Perjalanan Mengintip Keelokan Wisata Aceh

Nama Aceh, atau Serambi Mekah ini terkenal ke seluruh dunia berkat Tsunami yang terjadi pada 26 Desember 2004. Namun di tahun 2015 Aceh mulia menampilkan keelokannya, sebuah kota yang dengan tangan terbuka menyambut setiap wisatawan.

Masjid Baiturrahman

Tempat pertama yang wajib Anda kunjungi di Aceh adalah Masjid Baiturrahman, masjid yang didirikan oleh Sultan Iskandar Muda (1607 -1636). Masjid ini awalnya adalah pusat pendidikan ilmu agama. Peserta pelajarnya datang dari Arab, Turki, India, bahkan Persia. Luas Masjid yang berumur 408 tahun ini adalah 4.760 meter persegi, seluruh lantainya terbuat dari marmer Italia.

Saat Anda beristirahat di sini, rasa sejuk segera menyelimuti Anda. Setiap orang yang masuk ke dalamnya serasa memasuki tanah lain. Masjid yang berdiri di pusat kota ini merupakan bangunan kebanggaan warga Aceh. Masjid berkubah lima dengan arsitektur yang menawan ini sempat mengalami perubahan bentuk beberapa kali.
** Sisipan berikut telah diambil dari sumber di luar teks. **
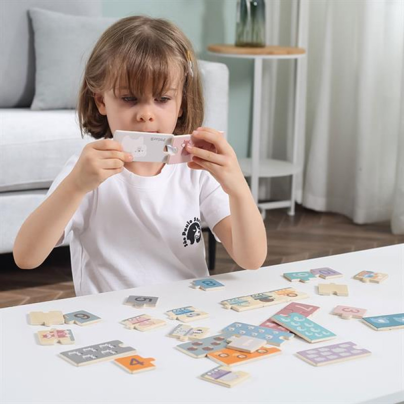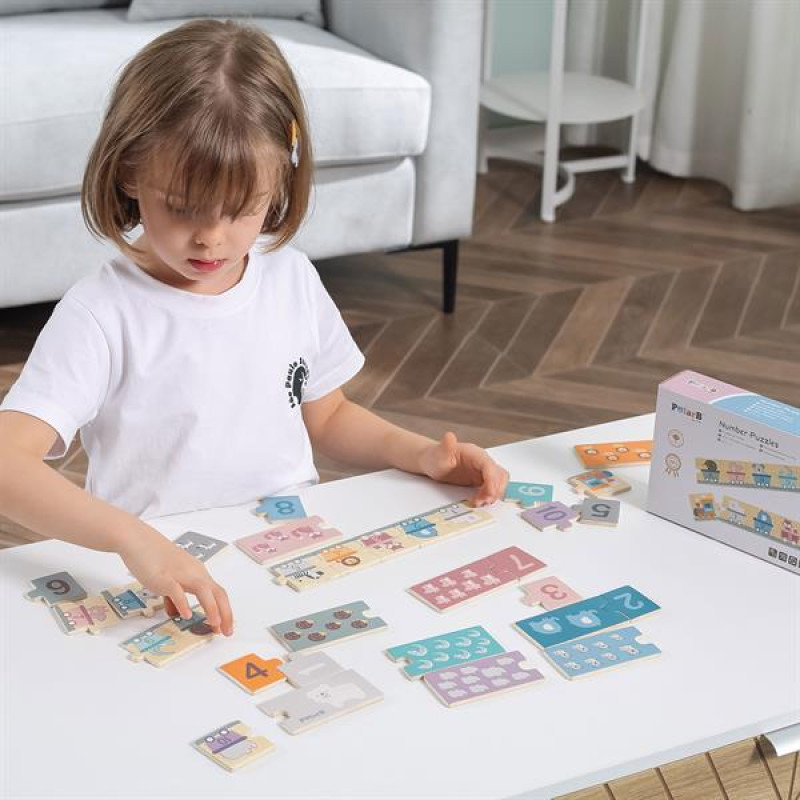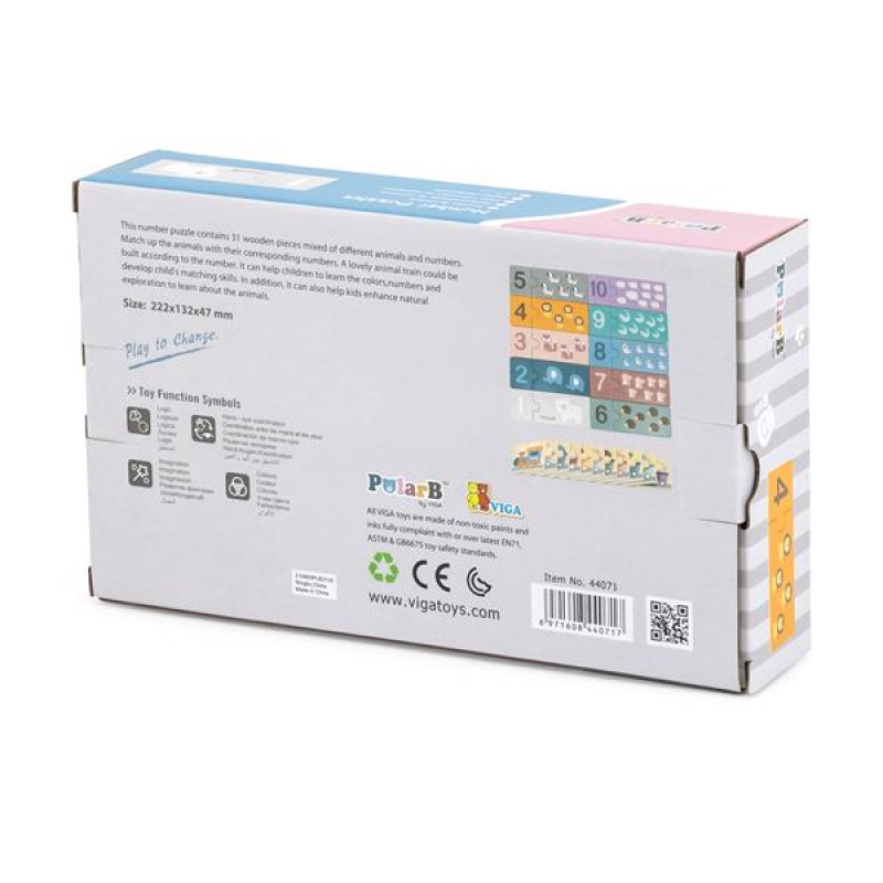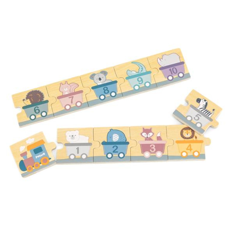 Малюк пізнавально проведе час із дерев'яним пазлом PolarB Числа та звірята. Пазл складається з 20 кольорових елементів: 10 з цифрами та 10 з різною кількістю звірят. На звороті намальовані вагони зі звірятами та числа. Завдання діток #8211; правильно з'єднати деталі пазла, щоб цифри та кількість звірят відповідали. Або скласти поїзд із вагончиків із числами за спаданням або зростанням. Розвивальний пазл зацікавить хлопчиків і дівчаток від 18 місяців до 4 років.Ігри з пазлом PolarB допоможуть дитині навчитися розпізнавати форми, кольори, запам'ятати назви тварин. Малюк познайомиться з милими зебрами, левами, слониками, лисицями, носорогами, їжачками, білочками, крокодилами та білим ведмедиком.Складання такого пазла-сортера дає уявлення про цифри, поняття кількість, розвиває математичні здібності, уміння рахувати, уважність, логічне мислення, координацію руки-очі. Дерев'яний пазл підходить для занять за методикою Монтессорі.Дерев'яні іграшки PolarB виконані в пастельних тонах. Малюнки звірять милі та симпатичні. Для виготовлення використані якісні матеріали: деревина та гіпоалергенні фарби.Дерев'яний пазл PolarB Числа та звірята відповідає міжнародним сертифікатам якості та безпеки: європейському EN71 та американському ASTM.У комплекті пазл із 20 деталей.

Evolusinya dapat Anda temukan pada Museum Negeri Aceh.

Jejak Tsunami Aceh

Setelah mengunjungi Masjid Baiturrahman, silahkan melancong ke sudut lain. Sempatkan mengunjungi “jejak’ Tsunami Aceh. Pemerintah kota merawat sungguh-sungguh semua jejak gelombang pasang tersebut. Contohnya adalah Pembangkit Listrik Tenaga Diesel (PLTD) Apung di Punge, kapal nelayan yang tersangkut di atap rumah, makam massal Ulee Lheue, makam ini jauh dari kesan menakutkan.

Di Banda Aceh pun kini telah berdiri sebuah museum baru yakni, Museum Tsunami (Jl. T. Iskandar Muda Banda Aceh), dengan arsitektur yang unik dan megah serta penuh makna. Isinya menarik, informasi penting dan berkualitas terkait Tsunami disajikan dengan apik dan teratur. Paling enak lagi, masuknya gratis.

Di sebrang museum ada lapangan Blang Padang. Di tempat ini dibangun monumen ucapan terima kasih pada dunia. Plakat bertuliskan “terima kasih dan damai” dalam bahasa setiap Negara yang terlibat dalam rekonstruksi Aceh mengitari lapangan. Di lapangan ini juga dipajang replika pesawat Seulawah. Pesawat ini sumbangan konkret masyarakat Aceh pada berdirinya Indonesia sekaligus cikal bakal lahirnya maskapai Garuda Indonesia.

Peninggalan lain yang masih bisa dijumpai hingga saat ini adalah Taman Putroe Phang dan Gunongan. Dulu tempat ini dipersembahkan bagi putri permaisuri sultan yang berasal dari negeri Pahang. Sekarang taman asri yang dibelah oleh sebuah sungai mungil itu menjadi lokasi favorit warga Banda Aceh untuk berolahraga maupun bersantai bersama keluarga.

Rumah Cut Nyak Dien

Beliau adalah salah satu pejuang wanita Aceh yang gigih melawan Belanda. Bersama dengan Teuku Umar, suaminya serta pejuang Aceh lainnya, ia melawan setiap usaha Belanda untuk menjajah Aceh, meskipun pada akhirnya ia harus bertekuk lutut dan diasingkan ke pulau Jawa hingga akhir hayatnya. Semangat Cut Nyak Dien ini dapat Anda temukan di Museum Cut Nyak Dien (Rumah Cut Nyak Dien), berdiri di kawasan Lampisang, tak jauh dari pusat kota Banda Aceh yang dulu merupakan rumah Cut Nyak Dien sekaligus markas perjuangan rakyat Aceh dalam melawan kolonialisme di tanah rencong.

Kuliner

Setelah selesai menengok jejak Tsunami, marilah kita menengok kuliner. Makanan dan minuman Aceh, banyak menceritakan keunikan sebuah kota. Banda Aceh sangat populer dengan mi aceh, kupi (kopi), gule kambing, dan bu guri (nasi gurih). Bagi Anda yang para pecinta kopi, tentu tidak boleh melewatkan kesempatan mereguk racikan kupi khas aceh. Perpaduan kopi Robusta dan Arabika membuat aroma wangi dan kenikmatannya melekat terus di lidah sampai pulang ke kampung halaman Anda.